During its 181st session in March 2025, the European Pharmacopoeia Commission (EPC) adopted general chapter 2.6.7. Mycoplasmas and 11 monographs referring to it, all of which have been revised to reflect the new European Pharmacopoeia (Ph. Eur.) approach to the detection of mycoplasma contaminants. These revised texts now describe a less prescriptive testing strategy based on a risk assessment.

The revised general chapter specifies that both the culture method and the indicator cell culture method (or, alternatively, a NAT method) should be used conjointly to ensure the detection of both “cultivable” and “non-cultivable” mycoplasmas, unless otherwise prescribed in a monograph or unless justified by a risk assessment and authorised by the competent authority. It has also been clarified that, whenever possible, the samples should contain both cells and supernatant. Furthermore, the text now states that suitable strains may be selected from the proposed list and additional strains can be used, based on a risk assessment, taking into account the type of product and manufacturing process.

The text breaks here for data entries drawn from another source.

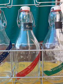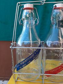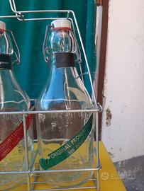Porta bottiglie, con bottiglie in vetro, metà novecento. Lucchettto con chiave di chiusura Misure 34 x32 x12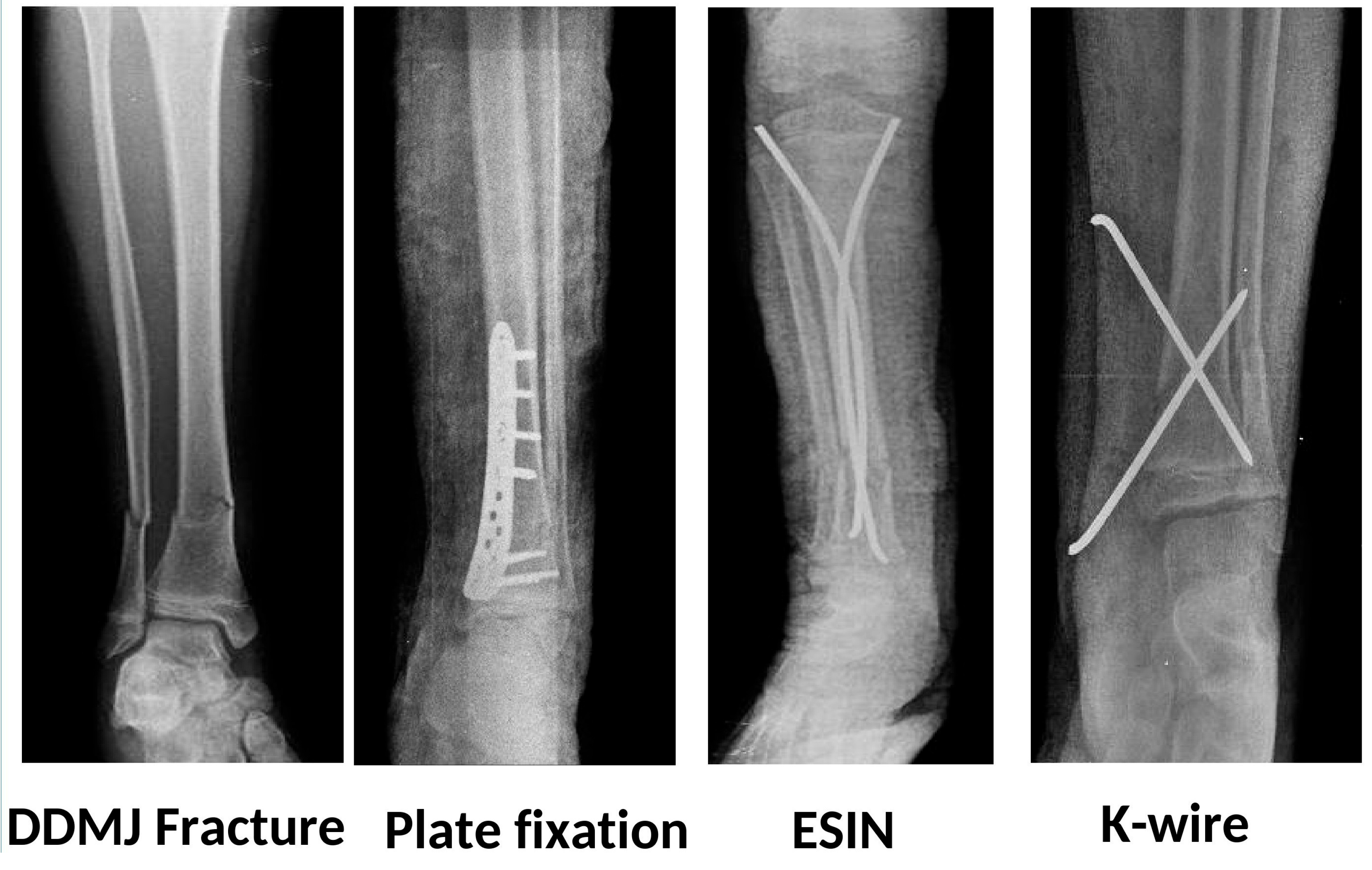 The objective of this study was to compare the clinical and radiological outcomes of ESIN, plate, and K-wire fixation in pediatric unstable tibial DDMJ fractures; it focused on postoperative alignment, functional recovery based on the American Orthopedic Foot and Ankle Society (AOFAS) score, complication rates, and treatment costs.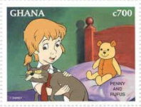700-cedi stamp depicts Penny and Rufus;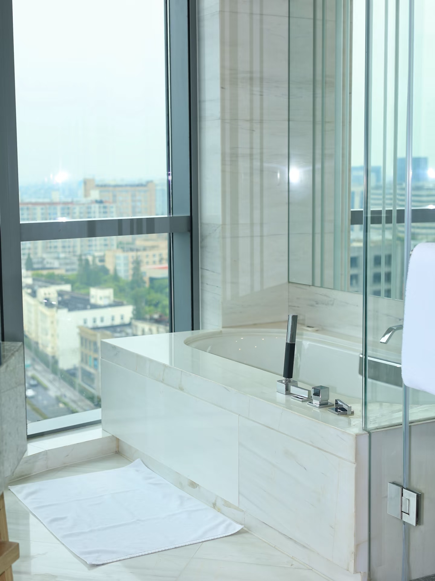 房间体验:落地窗可以看到“五角场彩蛋”夜景🌃,暴走2万步后在浴缸🛁泡澡+追剧瞬间回血~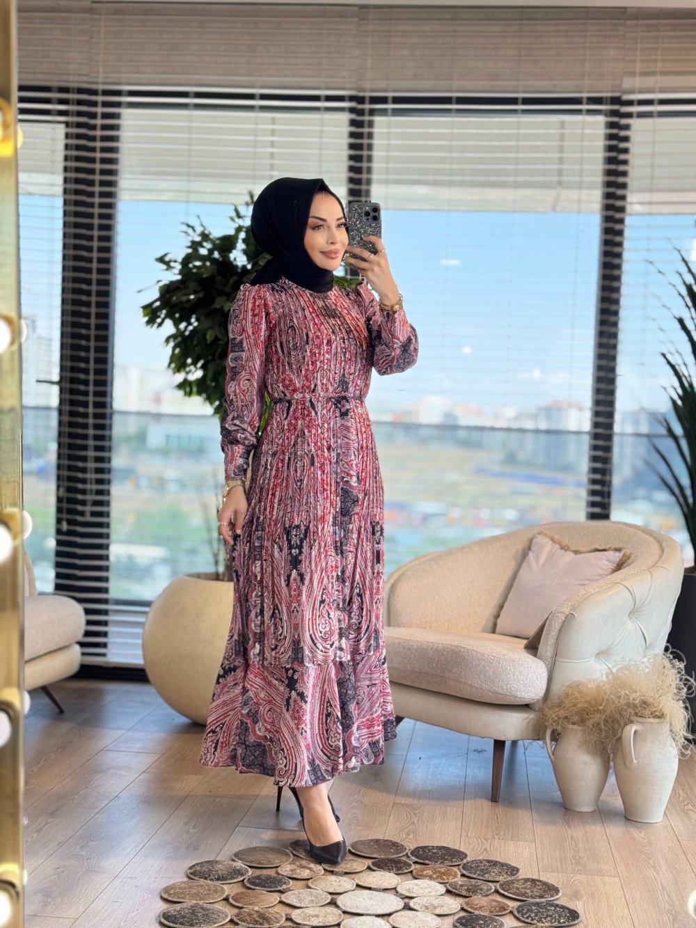 91086 Saten Etnik Desen Piliseli Elbise Bordo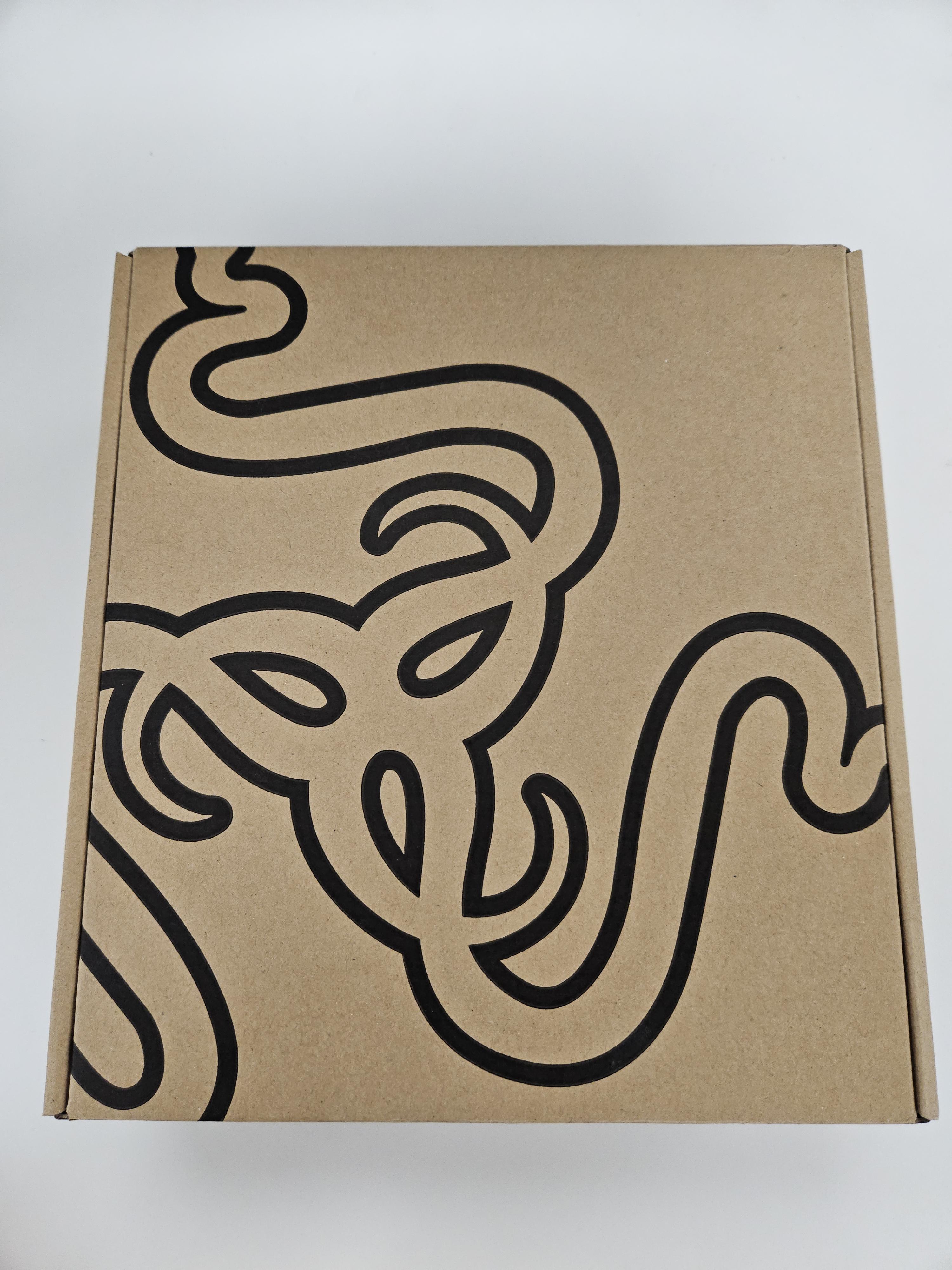 레이저 크로마 스탠드 v1 패키징입니다. 친환경적인 종이박스 형태로 되어 있고, 레이저 로고가 매우 크게 인쇄되어 있습니다.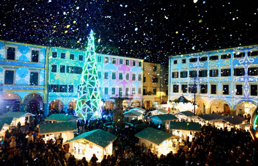 I visitatori potranno passeggiare tra le 70 baite bianche dei mercatini di Natale con prodotti gastronomici e artigianali tipici.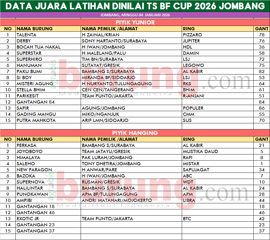 Setelah sepekan lalu menggelar latihan dinilai, Markas TS BF Denanyar Jombang pada Minggu (04/01) kembali diserbu kungmania untuk mengikuti gelaran TS CUP 2026. Namun untuk gelaran yang 04 Januari kelasnya utamanya piyik yunior dan hanging sementara yang sepekan lalu kelas utamanya piyik bebas. H Iwan, pemilik TS BF Jombang mengatakan sangat berterima kasih atas kehadiran kungmania di markas TS BF, padahal sepekan lalu juga sudah digelar agenda yang sama namun gelaran berikutnya tetap full pesertanya. “Alhamdulillah dua pekan gelaran yang sama anstusias kungmania untuk hadir tetap tinggi, selanjutnya Lap. TS akan mengangendakan latihan dinilai secara rutin untuk lebih menyemarakkan hobi perkutut di Jombang dan sekitarnya,” ucap H Iwan pada agrobisburung.com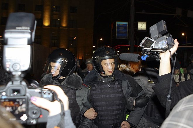 4 декабря, на Триумфальную площадь в Москве вышли до 300 сторонников оппозиции, посчитавших выборы в Госдуму РФ нечестными. В МВД сообщили, что на Триумфальной также присутствовали примерно 200 журналистов. Собравшиеся скандировали "Позор!" и "Ваши выборы – фарс!", а также зажигали файеры. По данным издания "Грани.ru", полицейские задержали десятки журналистов, фотографов и гражданских активистов – всего 124 человека.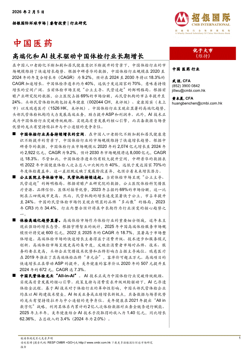 医药行业:招银国际-中国医药行业:高端化和AI技术驱动中国体检行业长期增长-260205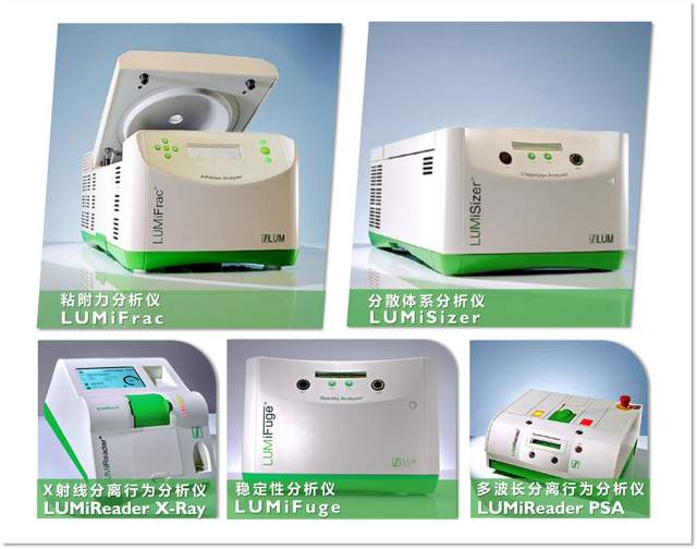 德国LUM系列材料性能分析仪器主要包括稳定性分析仪、分散体系分析仪、分离行为分析仪、以及粘结力/附着力/粘结强度分析仪四大种类。

The section on Nucleic acid amplification techniques (NAT) has been extensively revised to reflect the state of the art in science and technology. A limit of less than 10 is now proposed as the acceptance criterion for the GC/CFU ratio of reference preparations, unless otherwise justified.

As a result of the changes made to general chapter 2.6.7, 11 monographs have been revised to remove specific instructions on the method to be applied or the volume to be used for the mycoplasma test. Two individual monographs on vaccines for human use (Smallpox vaccine (live) (0164) and Yellow fever vaccine (0537)) now indicate that the test is carried out on the single harvest. With the agreement of the competent authority, the test may alternatively be carried out on the pooled harvests.

The texts will be published in Issue 12.2 of the Ph. Eur. in October 2025 and will enter into force on 01 April 2026.